Что он будет делать, если окажется, что она виновата? Что… он… будет… делать?

В невеселые мысли Веселого ворвался смех. Чуть левей от него, развалившись на толстом клетчатом пледе, хохотали Лилька с Оксаной. Их волосы разметались и переплелись. Практически белые — дочки… И цвета жженого сахара — Волковой.

— Ты гляди, как они с Лилькой спелись! — восхитился Медведь, проследив за пристальным взглядом друга.

— Угу… — Матвей взял нож и проверил готовность готовящегося на костре мяса. — Новое что-нибудь узнали?

— Да так… Мутный тип её бывший муж.

Матвей стиснул челюсти. В углу мангала занялось пламя, и он поспешил его затушить, чтобы шашлык не сгорел.

— И что? Есть подтверждения того, что они поддерживают связь?

— Никаких. Мы нашли в архиве решение суда о разводе. Там стандартные формулировки. Ничего интересного кроме самого факта.

Лилька вскочила с подстилки, схватила сачок и побежала за мотыльком. Оксана тепло улыбнулась, глядя ей вслед. Встала, опершись одной рукой о землю, и, бросив на него взгляд из-под ресниц, пошла догонять малую.

— Какого факта?

— Факта развода через суд.

— А что здесь странного?

— Да все! Детей у них не было, на квартиру Букреева Оксана не претендовала. И никаких других требований, кроме как их развести, в иске не указывала. В общем, они вполне могли развестись без всяких судов. И это уж точно бы не затянулось так надолго.

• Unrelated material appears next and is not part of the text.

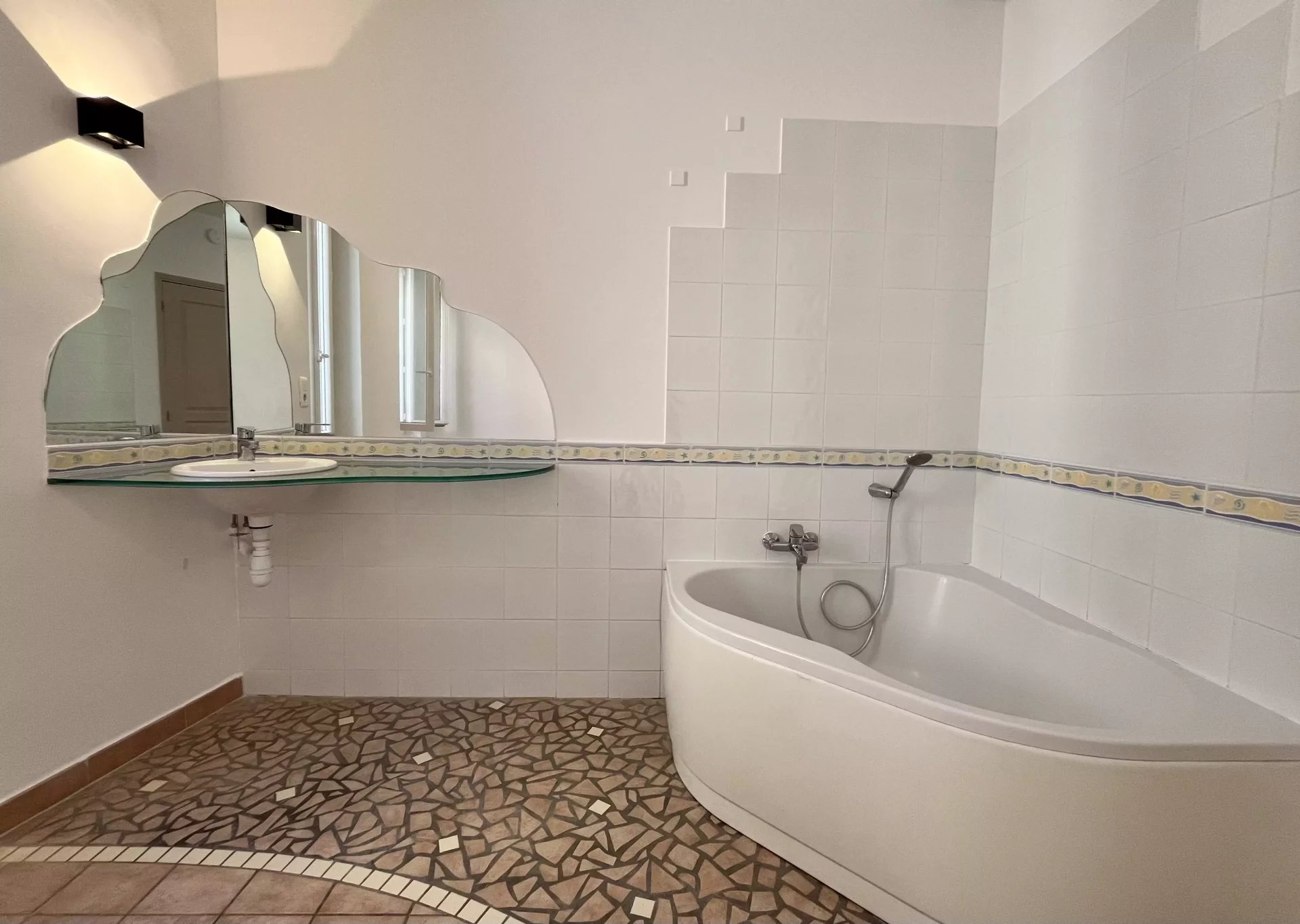 Si vous aimez l'atypique, vous découvrirez une spacieuse chambre, avec un vrai espace baignoire/vasque.

Матвей нахмурился. Лилька подошла слишком близко к воде, он уже дернулся, чтобы отогнать её от обрыва, но Оксана его опередила:

— Лилия Матвеевна! Немедленно отойдите подальше от края.

— До края еще далеко!

— С вашим везением от таких мест лучше держаться подальше!

И надо же! Лилька послушалась. И даже, кажется, нисколько не обиделась, что ей припомнили необычайный талант притягивать к себе неприятности.

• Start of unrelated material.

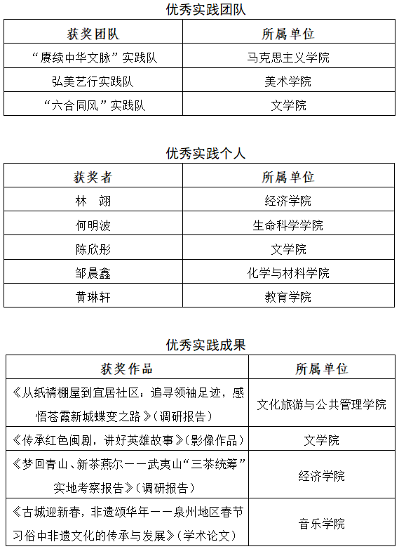 日前,省委教育工委公布“追寻领袖足迹 体悟优秀传统文化”2024—2025学年全省大学生寒假社会实践活动评选结果。韦德(中国)获评优秀组织单位,马克思主义学院“赓续中华文脉”实践队等3个团队获评优秀实践团队,经济学院林翊等5位师生获评优秀实践个人,文学院《传承红色闽剧,讲好英雄故事》等4个作品获评优秀实践成果。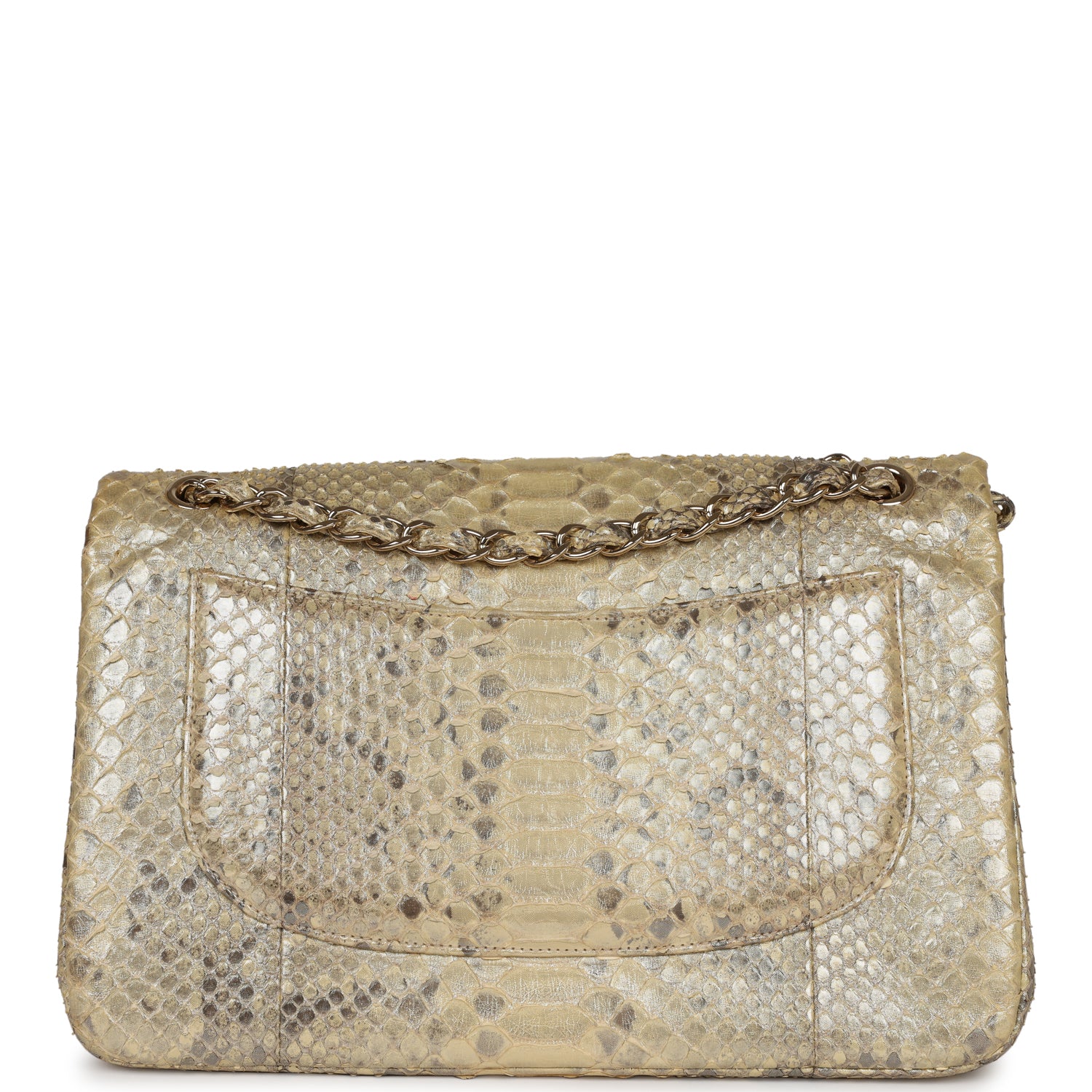 Pre-owned Chanel Jumbo Classic Double Flap Gold Metallic Python Gold Hardware

— Думаешь, Букреев не хотел давать ей развод?

— А иначе, зачем бы ей обращаться в суд?

— Да. Странно…

Матвей нахмурился и растер бороду, которая уже требовала стрижки.

— Эй, ну что вы тут застряли?! Пойдемте за стол! — откуда ни возьмись, нарисовался именинник. Матвей мог поклясться, что еще секунду назад видел его достающим из багажника складные стулья. Все же Киса не зря получил свое прозвище. Он ступал мягко, бесшумно, как кот.

— Чтоб идти за стол, нужно, чтобы на этом столе хоть что-нибудь было, — фыркнул Мат, бросив в друга желудем.

— Эй-эй! Я уже бутербродов намазал…

— Вот, кому консервы в армейке не надоели, — заржал Медведь. — Че там у нас в меню? Гусиный паштет или шпротный?

— Нет, вы только на него посмотрите, — сузил глаза Киса. — Какой гурман нашелся. Мат, помнишь, как он в Ираке того суслика жрал?

— Это был тушканчик, придурок, — беззлобно отмахнулся Медведь.

— Где был тушканчик? Здесь?! — проорала подоспевшая Лилька и стала с интересом осматриваться по сторонам. Идущая следом Оксана улыбнулась. Видимо и она услышала обрывок их разговора, потому как, поймав взгляд Матвея, она сделала вид, будто ее вырвало. Выглядела при этом Оксана довольно забавно. Матвей улыбнулся. Это было не объяснить, но с каждой минутой, проведенной с ней рядом, она нравилась ему все больше и больше. Он уже сто раз пожалел, что влез в это все… Куда только делись его энтузиазм и желание покарать преступников? Он не мог представить, что будет делать, если окажется, что она в этом всем замешана. Он не мог даже просто представить…

А что Матвей представлял как никогда ярко, так это Оксану рядом с собой. Он еще не встречал женщины, которую ему хотелось бы познакомить с друзьями, с которой он хотел бы проснуться, а не переспать, накормить завтраком, подбросить на работу… Да много чего! Трудно объяснить. Оксана как-то с ним… совпадала, что ли? Вот с первой секунды! Увидел только, и сразу жаром пахнуло, ударило в сердце. Наблюдал, как она двигается, как сводит брови, слушал, что она говорит, и словно тонул в ней. В ее женских тайнах. А потом одергивал сам себя напоминанием, зачем он здесь.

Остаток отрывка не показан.